No reason why not.  There is one manufacturer out there that makes a lathe specifically for this it tilts on a 45 deg. angle and a tool rest that is made to operate that way.  I've seen photos in adds but can't remember the name right now.  There is one guy I've seen at numerous wood shows making pens on a mini lathe mounted on a low table he sits at all day.  seems to me the section of the table where the legs for the lathe are is lower so he has a little more height where his legs go under the table.


----------



## scotirish (Jun 12, 2011)

*I do not know your specific problem causing the pain.  I have arthritis and also a sciatica nerve issue. So i cannot stand more than 20 minutes at a time, so I use a magnetic belt and extend the time at the lathe to over an hour.  I do not know if this will help you but it may be worth a try and certainly cheaper that refitting your equipment.*


----------



## juteck (Jun 12, 2011)

There's no reason why you can't do it. You may need to have your stand or bench modified to make it more comfortable.  I've heard of many turners using a Jet mini on a modified stand where they can comfortably fit a chair or stool in front for turning.

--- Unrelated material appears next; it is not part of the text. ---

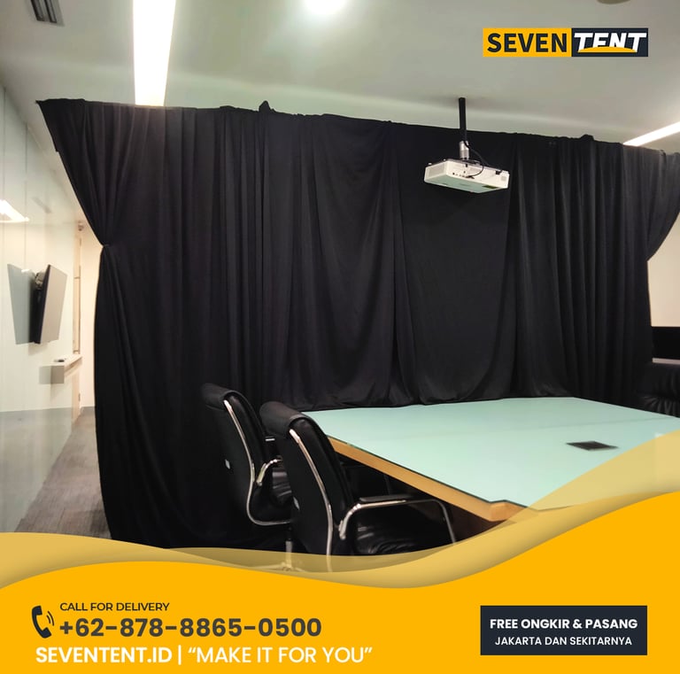 Sewa kain tirai Tangerang Selatan di Seventent.id menyediakan penutup dinding dan penyekat ruangan menggunakan material kain premium seperti Blackout, Velvet, dan Habutai. Memiliki karakteristik kain yang tebal, 100% tidak tembus pandang, dan mampu meredam gema ruangan secara efektif. Kami melayani seluruh wilayah Tangerang Selatan (BSD, Bintaro, Serpong, Pamulang, Ciputat).

Alternatively, Oneway makes a sitdown lathe also that you may be interested in upgrading to.

http://oneway.ca/index.php?option=com_virtuemart&page=shop.browse&category_id=23&Itemid=2

Vicmarc also makes a sit down bench -- this might give you some ideas:

http://www.vicmarc.com/default.asp?contentID=718


----------



## PenPal (Jun 12, 2011)

Mike,

Send me a pm and I will describe with pics my turning set up I use for pens. My reason sitting to turn is it is comfortable, convenient and puts me with a swivel chair in front of my lathe, Pen Wizard, my own design Pen Maker. Be glad to help if I can.

Kind regards Peter.


----------



## termitepenman (Jun 12, 2011)

Checkout this website:







They may be able to assist you with information.


----------



## Akula (Jun 12, 2011)

I always sit at the lathe.


----------



## Phunky_2003 (Jun 12, 2011)

I have my lathe on a bench and have an adjustable bar stool.  Works well for me.


----------



## Mike Kenney (Jun 12, 2011)

Thanks all for the  replies. the reason i haven't answered  sooner i was busy making a smaller table for it.


----------



## leehljp (Jun 12, 2011)

Sitting at as lathe for pen turning is OK, and I do it on occasion. If you do sit, please increase your safety awareness.

Bear in mind that this is not the norm for larger lathes and turning larger items. The ability to "move" instantly in unexpected emergencies could be life saving, and a stool or chair could impede that.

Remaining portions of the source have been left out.